The enormous interest that exists today in exploring this option of knowing God may be seen in the numerous reprints of the so-called spiritual classics by such writers as a. Kempis, Brother Lawrence, Tauler, Boehme, and Fenelon, to name just a few. Among modern writers, Thomas Merton and Henri Nouwen stand out, but there are many more. If one is interested in an introduction to all of this, Thomas Powers’ Invitation to a Great Experiment is a good place to start.
This particular group represents a liberalizing tendency that sometimes arises in conjunction with any of the last three groups mentioned. In some ways, this emphasis strengthens the case of the God in Scripture group because it is arguing that inasmuch as God is everywhere, all knowledge of God, of whatever sort, is of equal value, thus denying (at least implicatively) that the Christian revelation is anything special.
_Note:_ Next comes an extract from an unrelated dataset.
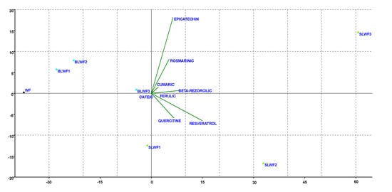 Figure 20 it can be observed that the WF sample is positioned far on the negative side of PC1, which indicates a low content of polyphenols. BLWF1, BLWF2, and BLWF3 are grouped near the origin, in the central area of the graph, indicating a balanced content of polyphenols such as coumaric, beta-resorcilic, and ferulic. SLWF1 and SLWF2 are positioned on the negative side of PC2 and they show differences from BLWF, but they remain closer in terms of chemical composition, while SLWF3 is distinct, indicating a high content of major polyphenols. Vectors that form a small angle to each other (e.g., resveratrol and quercetin) indicate a strong positive correlation between these variables, while variables with opposite or perpendicular vectors have a low or negative correlation.

Those who hold this view almost invariably come at it from an angle other than the theological. They begin with either psychology, sociology, comparative religious anthropology, philosophy, or history, and in all of this there is a tendency toward levelling out. Everyone’s experience of God is valid to the degree that it is authentic, and it does not matter if it takes Hindu, Jewish, Christian, or native American Indian shape. The psychological, sociological, philosophical, existential value is equivalent, again, to the degree that it is authentic, and theologizing comes later and secondarily.
The growth of this point of view accounts, in part, for the remarkable rise in interest recently in Eastern thought, primitive religions, and even in the occult. Because it steadfastly tries to be non-partisan it draws insights and material from the entire sweep of human religious experience, seeking for a basic commonality. In this, they are partly successful. They are less successful in arguing that they have no real theological point of view, usually tending in the direction of either a loosely defined unitarianism or a somewhat vague pantheism.
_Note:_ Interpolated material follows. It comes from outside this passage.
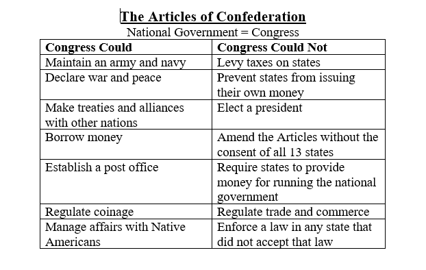 Do you think the writers of the Articles of Confederation wanted a strong or a weak national government based on this chart?

Wilfred Cantwell Smith’s The Meaning and End of Religion (1962) is, in many ways, foundational for understanding the current shape of this liberalized point of view, and one could start there. J.A.T. Robinson’s Truth is Two-Eyed, A. Schimmel and A. Falaturi’s We Believe in One God and John Hick’s God Has Many Names are also in this tradition. Hick’s book is of particular interest in that he is a former evangelical who has drifted to a decidedly left of center point of view. He describes this shift in chapter one. Perhaps the most programmatic statement is in Ninian Smart’s Cif-ford Lectures, Beyond Ideology, where he attempts a positive synthesis of just about everything, from East to West, sacred to secular.
The foregoing is only a brief look at how the knowability of God is being discussed today. The points of view described represent generalizations and there are numerous subgroups for each major group. In fact, it would not be surprising if a hundred people were asked and a hundred answers were given. This is perhaps as it should be. Knowledge of God is a highly personal thing and difficult either to describe or pigeonhole. But the burning interest is there, both here and abroad.
In what was supposed to have been an age of post-Christianity, post-modernity or secularity, we see a surprising revival of religion almost everywhere, from Iran to the U.S.A. The many options offered are also pushing us back to the foundation forcing us to ask some fundamental questions. This, too, is as it should be. No one should ever take knowing God lightly, unreflectively, or for granted.
What this can mean for evangelical Christians remains to be seen. Hopefully, it will push us into serious discussions with those whose views are different so that they may be introduced to the revelation of God in Christ. Their God is not only knowable, but known, and the world’s deepest longings are met.